There was a general laugh and the moment of tension passed. In a few minutes the exchange of rapid fire died down as suddenly as it had started. The rest of the night passed uneventfully. Just before daybreak we returned to our platoons.
We never found out the reason for the sudden exchange of rapid fire. Some Australians away on the right had started it. Everybody had joined in, as the firing ran along the line of trenches. As soon as the officers began an investigation it was stopped.

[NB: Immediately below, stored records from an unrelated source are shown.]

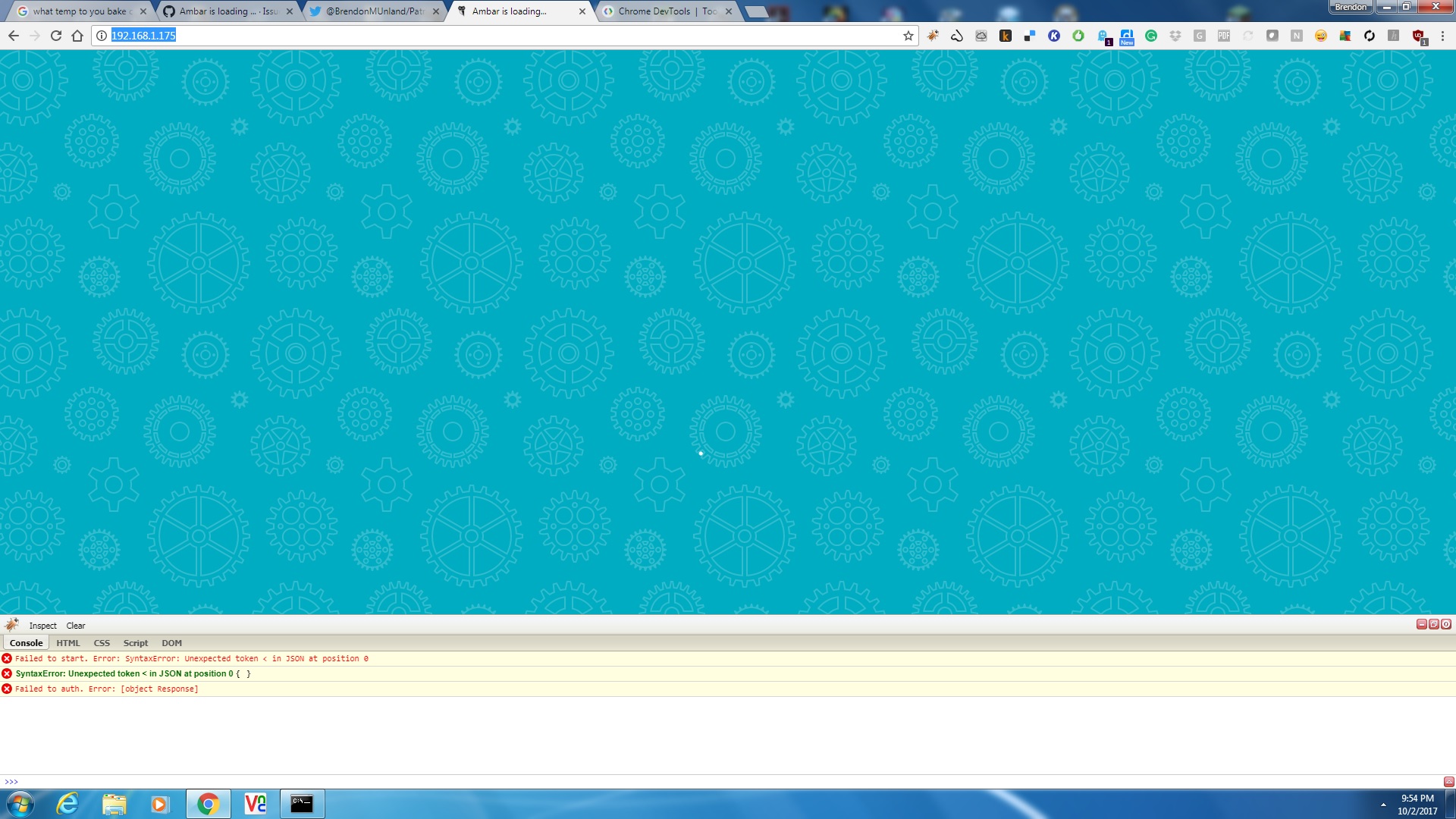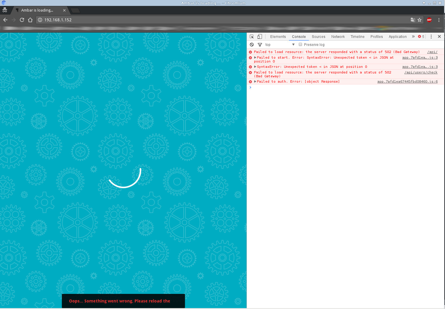 VM111:1 GET http://10.0.0.1:8081/api/ 502 (Bad Gateway) (anonymous) @ VM111:1 (anonymous) @ app.e102917ba60db91d4fa5.js:5 t @ app.e102917ba60db91d4fa5.js:5 x @ app.e102917ba60db91d4fa5.js:5 (anonymous) @ app.e102917ba60db91d4fa5.js:5 app.e102917ba60db91d4fa5.js:5 Failed to start. Error: SyntaxError: Unexpected token < in JSON at position 0 (anonymous) @ app.e102917ba60db91d4fa5.js:5 Promise rejected (async) (anonymous) @ app.e102917ba60db91d4fa5.js:5 (anonymous) @ app.e102917ba60db91d4fa5.js:52 (anonymous) @ vendor.728b3b1c29700b90277d.js:5 value @ app.e102917ba60db91d4fa5.js:28 e.notifyAll @ app.e102917ba60db91d4fa5.js:27 close @ app.e102917ba60db91d4fa5.js:51 closeAll @ app.e102917ba60db91d4fa5.js:7 perform @ app.e102917ba60db91d4fa5.js:7 perform @ app.e102917ba60db91d4fa5.js:7 perform @ app.e102917ba60db91d4fa5.js:5 C @ app.e102917ba60db91d4fa5.js:5 closeAll @ app.e102917ba60db91d4fa5.js:7 perform @ app.e102917ba60db91d4fa5.js:7 batchedUpdates @ app.e102917ba60db91d4fa5.js:28 l @ app.e102917ba60db91d4fa5.js:5 r @ app.e102917ba60db91d4fa5.js:8 enqueueSetState @ app.e102917ba60db91d4fa5.js:8 r.setState @ vendor.728b3b1c29700b90277d.js:2 (anonymous) @ vendor.728b3b1c29700b90277d.js:5 (anonymous) @ vendor.728b3b1c29700b90277d.js:2 (anonymous) @ vendor.728b3b1c29700b90277d.js:2 r @ vendor.728b3b1c29700b90277d.js:2 (anonymous) @ vendor.728b3b1c29700b90277d.js:2 (anonymous) @ app.e102917ba60db91d4fa5.js:29 window.webpackJsonp @ vendor.728b3b1c29700b90277d.js:1 (anonymous) @ 2.searchPage.37654496fa9353ee17be.js:1 app.e102917ba60db91d4fa5.js:5 SyntaxError: Unexpected token < in JSON at position 0 at app.e102917ba60db91d4fa5.js:5 at <anonymous> o @ app.e102917ba60db91d4fa5.js:5 (anonymous) @ app.e102917ba60db91d4fa5.js:5 Promise rejected (async) (anonymous) @ app.e102917ba60db91d4fa5.js:5 (anonymous) @ app.e102917ba60db91d4fa5.js:52 (anonymous) @ vendor.728b3b1c29700b90277d.js:5 value @ app.e102917ba60db91d4fa5.js:28 e.notifyAll @ app.e102917ba60db91d4fa5.js:27 close @ app.e102917ba60db91d4fa5.js:51 closeAll @ app.e102917ba60db91d4fa5.js:7 perform @ app.e102917ba60db91d4fa5.js:7 perform @ app.e102917ba60db91d4fa5.js:7 perform @ app.e102917ba60db91d4fa5.js:5 C @ app.e102917ba60db91d4fa5.js:5 closeAll @ app.e102917ba60db91d4fa5.js:7 perform @ app.e102917ba60db91d4fa5.js:7 batchedUpdates @ app.e102917ba60db91d4fa5.js:28 l @ app.e102917ba60db91d4fa5.js:5 r @ app.e102917ba60db91d4fa5.js:8 enqueueSetState @ app.e102917ba60db91d4fa5.js:8 r.setState @ vendor.728b3b1c29700b90277d.js:2 (anonymous) @ vendor.728b3b1c29700b90277d.js:5 (anonymous) @ vendor.728b3b1c29700b90277d.js:2 (anonymous) @ vendor.728b3b1c29700b90277d.js:2 r @ vendor.728b3b1c29700b90277d.js:2 (anonymous) @ vendor.728b3b1c29700b90277d.js:2 (anonymous) @ app.e102917ba60db91d4fa5.js:29 window.webpackJsonp @ vendor.728b3b1c29700b90277d.js:1 (anonymous) @ 2.searchPage.37654496fa9353ee17be.js:1 VM111:1 GET http://10.0.0.1:8081/api/users/check 502 (Bad Gateway) (anonymous) @ VM111:1 (anonymous) @ app.e102917ba60db91d4fa5.js:6 t @ app.e102917ba60db91d4fa5.js:5 p @ app.e102917ba60db91d4fa5.js:6 (anonymous) @ app.e102917ba60db91d4fa5.js:6 (anonymous) @ app.e102917ba60db91d4fa5.js:52 (anonymous) @ vendor.728b3b1c29700b90277d.js:5 value @ app.e102917ba60db91d4fa5.js:28 e.notifyAll @ app.e102917ba60db91d4fa5.js:27 close @ app.e102917ba60db91d4fa5.js:51 closeAll @ app.e102917ba60db91d4fa5.js:7 perform @ app.e102917ba60db91d4fa5.js:7 perform @ app.e102917ba60db91d4fa5.js:7 perform @ app.e102917ba60db91d4fa5.js:5 C @ app.e102917ba60db91d4fa5.js:5 closeAll @ app.e102917ba60db91d4fa5.js:7 perform @ app.e102917ba60db91d4fa5.js:7 batchedUpdates @ app.e102917ba60db91d4fa5.js:28 l @ app.e102917ba60db91d4fa5.js:5 r @ app.e102917ba60db91d4fa5.js:8 enqueueSetState @ app.e102917ba60db91d4fa5.js:8 r.setState @ vendor.728b3b1c29700b90277d.js:2 a.handleChange @ vendor.728b3b1c29700b90277d.js:4 f @ vendor.728b3b1c29700b90277d.js:3 (anonymous) @ vendor.728b3b1c29700b90277d.js:5 (anonymous) @ app.e102917ba60db91d4fa5.js:52 dispatch @ vendor.728b3b1c29700b90277d.js:5 (anonymous) @ app.e102917ba60db91d4fa5.js:5 Promise rejected (async) (anonymous) @ app.e102917ba60db91d4fa5.js:5 (anonymous) @ app.e102917ba60db91d4fa5.js:52 (anonymous) @ vendor.728b3b1c29700b90277d.js:5 value @ app.e102917ba60db91d4fa5.js:28 e.notifyAll @ app.e102917ba60db91d4fa5.js:27 close @ app.e102917ba60db91d4fa5.js:51 closeAll @ app.e102917ba60db91d4fa5.js:7 perform @ app.e102917ba60db91d4fa5.js:7 perform @ app.e102917ba60db91d4fa5.js:7 perform @ app.e102917ba60db91d4fa5.js:5 C @ app.e102917ba60db91d4fa5.js:5 closeAll @ app.e102917ba60db91d4fa5.js:7 perform @ app.e102917ba60db91d4fa5.js:7 batchedUpdates @ app.e102917ba60db91d4fa5.js:28 l @ app.e102917ba60db91d4fa5.js:5 r @ app.e102917ba60db91d4fa5.js:8 enqueueSetState @ app.e102917ba60db91d4fa5.js:8 r.setState @ vendor.728b3b1c29700b90277d.js:2 (anonymous) @ vendor.728b3b1c29700b90277d.js:5 (anonymous) @ vendor.728b3b1c29700b90277d.js:2 (anonymous) @ vendor.728b3b1c29700b90277d.js:2 r @ vendor.728b3b1c29700b90277d.js:2 (anonymous) @ vendor.728b3b1c29700b90277d.js:2 (anonymous) @ app.e102917ba60db91d4fa5.js:29 window.webpackJsonp @ vendor.728b3b1c29700b90277d.js:1 (anonymous) @ 2.searchPage.37654496fa9353ee17be.js:1 app.e102917ba60db91d4fa5.js:6 Failed to auth. Error: [object Response]What's strange is that I had it working on this machine before. I must have messed something up in there.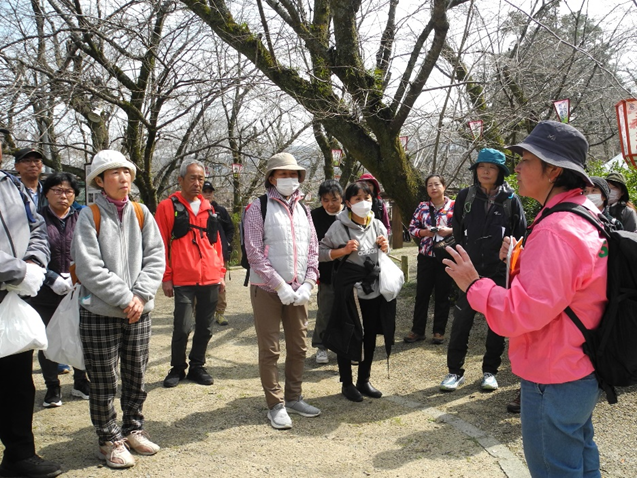 桜の開花の標準木がある打吹公園に到着すると、樹木医の阿部香織さん(山陰緑化建設)が「花見の人出で踏み固められるので、桜は昔から土手道などに植えられてきましたが、根元が固まると栄養が入ってこなくなり、樹勢が弱る原因になります」と解説。このあと木切れを拾いながら、打吹山中腹にある越中丸跡を目指してトレッキングを楽しみました。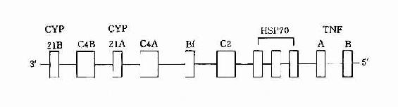 3.HLA-Ⅲ类基因 HLA-Ⅲ类基因区域至少已发现36个基因座,其中C2、C4、Bf座编码相应的补体成分,另外还有21羧化酶基因(CYP21A、B)肿瘤坏死因子基因(TNFA、B)以及热休克蛋白70(heat shock protein70,HSP70)基因。补体C4由二个不同的基因(C4A与C4B)编码。HLA-Ⅲ类基因区结构见图5-3。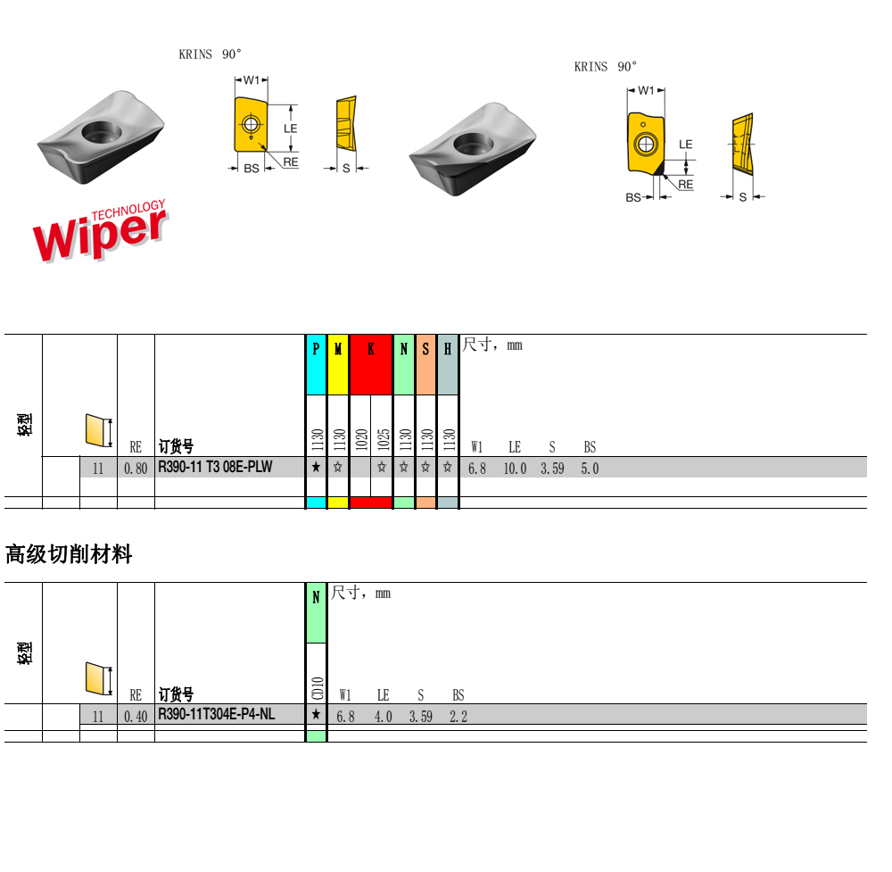 | 90度直角銑刀片 | R390-11T304M-KM 3330 | 瑞典STWK | 鑄鐵 | 3330 | 在線聯(lián)系 |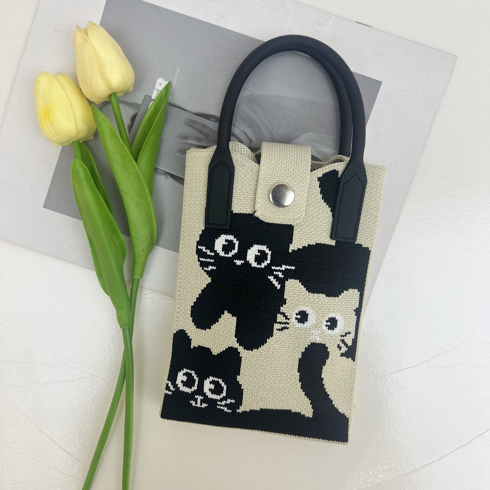 The product is a stylish and compact Animal Knit Crossbody Sling Bag, featuring a cute animal graphic design that adds a playful touch to any casual outfit.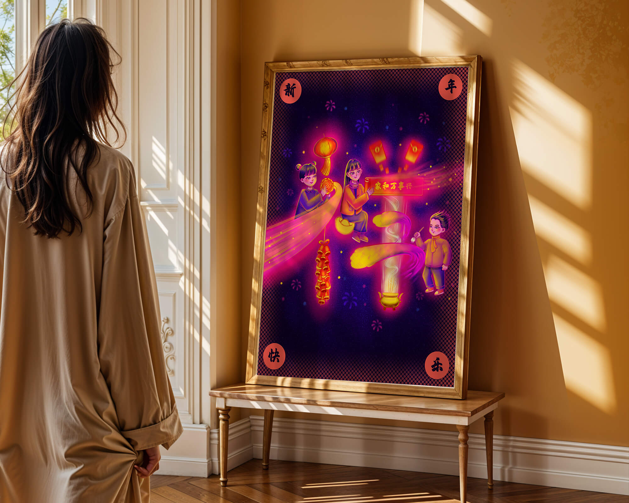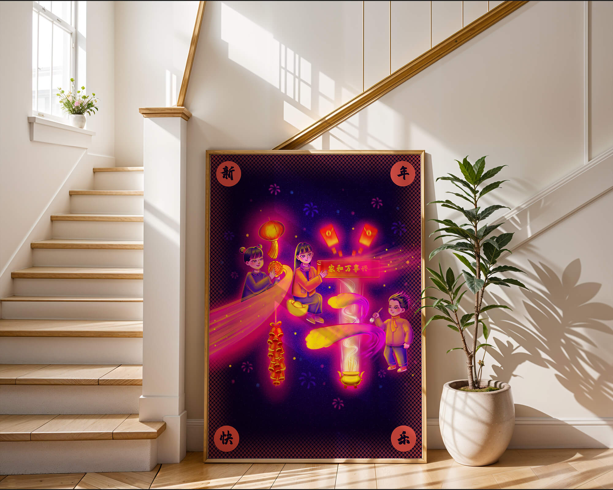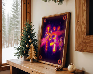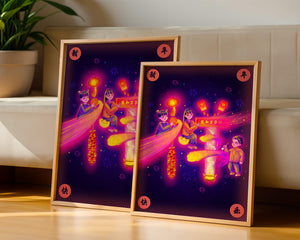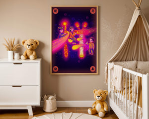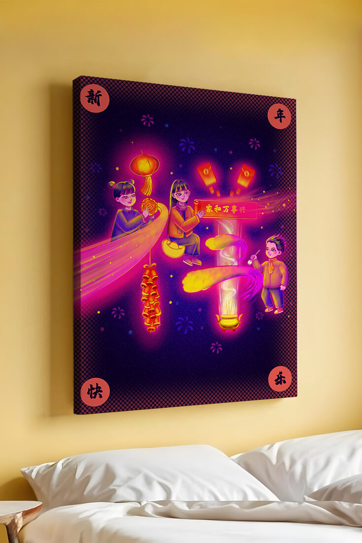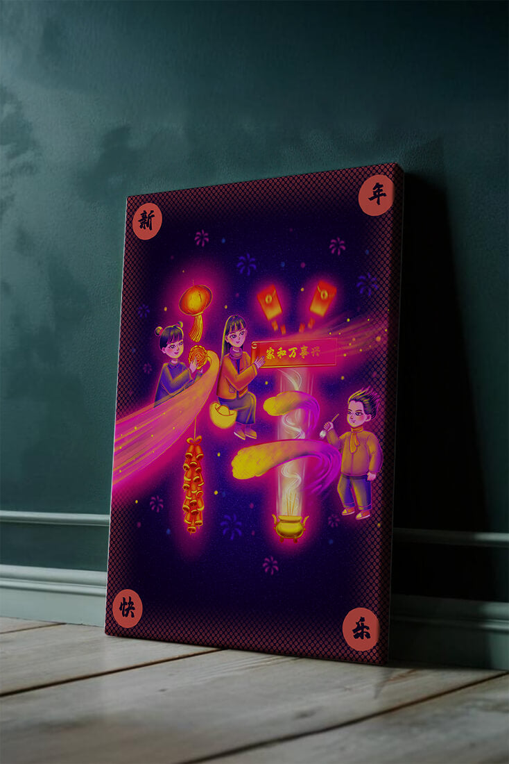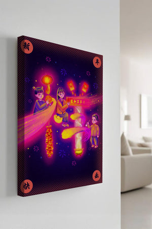 This captivating image features themes of celebration and tradition, with children holding lanterns and festive banners. The background exudes vibrancy, highlighting various symbols of joy and festivity, including fireworks and colorful lights that illuminate the scene.The artwork is perfect for adding a touch of cultural richness and celebration to any living space. The bright colors and playful elements convey a sense of warmth and happiness, making it a suitable piece for holiday decor or everyday enjoyment. The depiction of lanterns and traditional symbols emphasizes a connection to cultural heritage and family togetherness, bringing a sense of unity and spirit to any setting.| Type |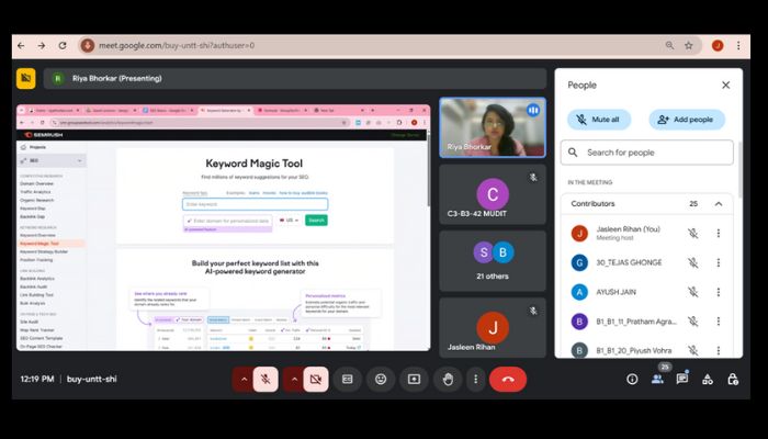 The session began with an introduction to SEO and its importance in enhancing online visibility. Ms. Bhorkar explained how SEO principles can be applied to writing and stressed the significance of structuring content strategically for improved search rankings. A major part of the lecture focused on keyword research, introducing different types of keywords, user intent, and the role of keywords in optimizing content. She also demonstrated the use of tools like Google Keyword Planner, Ubersuggest, and SEMrush.

It seems to me that most of the time we were in the blockhouse trench we spent our nights out between the lines. Most of our work was done at night. When we wished to advance our line, we sent forward a platoon of men the desired distance. Every man carried with him three empty sandbags and his intrenching tool. Temporary protection is secured at short notice by having every man dig a hole in the ground that is large and deep enough to allow him to lie flat in it. The intrenching tool is a miniature pickax, oneend of which resembles a large bladed hoe with a sharpened and tempered edge. The pick end is used to loosen hard material and to break up large lumps; the other end is used as a shovel to throw up the dirt. When used in this fashion the wooden handle is laid aside, the pick end becomes a handle, and the intrenching tool is used in the same manner as a trowel. The whole instrument is not over a foot long, and is carried in the equipment.
Lying on our stomachs, our rifles close at hand, we dug furiously. First we loosened up enough earth in front of our heads to fill a sandbag. This sandbag we placed beside our heads on the side nearest the enemy. Out in no man's land with bullets from rifle and machine guns pattering about us, we did fast work. As soon as we had filled the second and third sandbags we placed them on top of the first. In Gallipoli every other military necessity was subordinated to concealment. Often we could complete a trench and occupy it before the enemy knew of it. In the daytime our aëroplanes kept their aërial observers from coming out to find any work we had done during the night. Sometimes while we were digging, the Turks surprised usby sending up star shells. They burst like rockets high overhead. Everything was outlined in a strange, uncanny light that gave the effect of stage fire. At first, when a man saw a star shell, he dropped flat on his face; but after a good many men had been riddled by bullets, we saw our mistake. The sudden, blinding glare makes it impossible to identify objects before the light fades. Star shells show only movement. The first stir between the lines becomes the target for both sides. So, after that, even when a man was standing upright, he simply stood still.